* **The task**: From the line with "먼저 2027학년도 정시" to the final line of the records, every line is to be duplicated exactly, both of those lines included.

* **The input**:
- - - -

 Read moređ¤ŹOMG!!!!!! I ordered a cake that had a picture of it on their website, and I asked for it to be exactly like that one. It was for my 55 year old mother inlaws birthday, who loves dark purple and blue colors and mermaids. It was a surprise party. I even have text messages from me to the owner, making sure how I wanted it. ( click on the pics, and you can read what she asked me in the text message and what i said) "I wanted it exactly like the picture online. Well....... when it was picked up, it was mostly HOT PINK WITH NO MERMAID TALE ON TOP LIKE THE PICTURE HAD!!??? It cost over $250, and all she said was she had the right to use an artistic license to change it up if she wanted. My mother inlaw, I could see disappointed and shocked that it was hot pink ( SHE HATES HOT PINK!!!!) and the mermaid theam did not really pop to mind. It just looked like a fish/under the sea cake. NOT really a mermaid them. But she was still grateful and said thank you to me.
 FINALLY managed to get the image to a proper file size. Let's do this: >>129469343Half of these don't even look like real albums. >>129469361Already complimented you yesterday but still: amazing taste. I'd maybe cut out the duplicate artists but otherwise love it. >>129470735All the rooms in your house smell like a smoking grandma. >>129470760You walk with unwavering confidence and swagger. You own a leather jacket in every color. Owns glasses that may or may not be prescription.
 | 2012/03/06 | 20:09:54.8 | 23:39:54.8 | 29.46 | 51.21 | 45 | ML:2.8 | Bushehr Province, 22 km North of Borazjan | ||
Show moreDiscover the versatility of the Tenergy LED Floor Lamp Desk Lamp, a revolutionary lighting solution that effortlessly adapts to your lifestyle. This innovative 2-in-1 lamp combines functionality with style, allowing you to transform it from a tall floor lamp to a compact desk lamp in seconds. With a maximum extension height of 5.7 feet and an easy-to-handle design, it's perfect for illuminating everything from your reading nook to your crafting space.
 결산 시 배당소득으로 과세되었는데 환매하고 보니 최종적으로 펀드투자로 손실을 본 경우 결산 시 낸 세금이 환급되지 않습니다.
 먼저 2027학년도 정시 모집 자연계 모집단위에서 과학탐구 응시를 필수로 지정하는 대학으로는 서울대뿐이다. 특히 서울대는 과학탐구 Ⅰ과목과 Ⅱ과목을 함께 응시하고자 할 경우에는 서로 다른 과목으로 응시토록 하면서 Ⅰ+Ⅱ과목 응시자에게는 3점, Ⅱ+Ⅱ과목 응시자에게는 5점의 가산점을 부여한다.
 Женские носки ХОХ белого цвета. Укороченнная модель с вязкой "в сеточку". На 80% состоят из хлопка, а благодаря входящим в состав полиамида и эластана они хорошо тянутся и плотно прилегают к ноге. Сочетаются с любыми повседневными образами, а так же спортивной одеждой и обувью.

- - - -

* **Response for this exercise**:
 먼저 2027학년도 정시 모집 자연계 모집단위에서 과학탐구 응시를 필수로 지정하는 대학으로는 서울대뿐이다. 특히 서울대는 과학탐구 Ⅰ과목과 Ⅱ과목을 함께 응시하고자 할 경우에는 서로 다른 과목으로 응시토록 하면서 Ⅰ+Ⅱ과목 응시자에게는 3점, Ⅱ+Ⅱ과목 응시자에게는 5점의 가산점을 부여한다.
 Женские носки ХОХ белого цвета. Укороченнная модель с вязкой "в сеточку". На 80% состоят из хлопка, а благодаря входящим в состав полиамида и эластана они хорошо тянутся и плотно прилегают к ноге. Сочетаются с любыми повседневными образами, а так же спортивной одеждой и обувью.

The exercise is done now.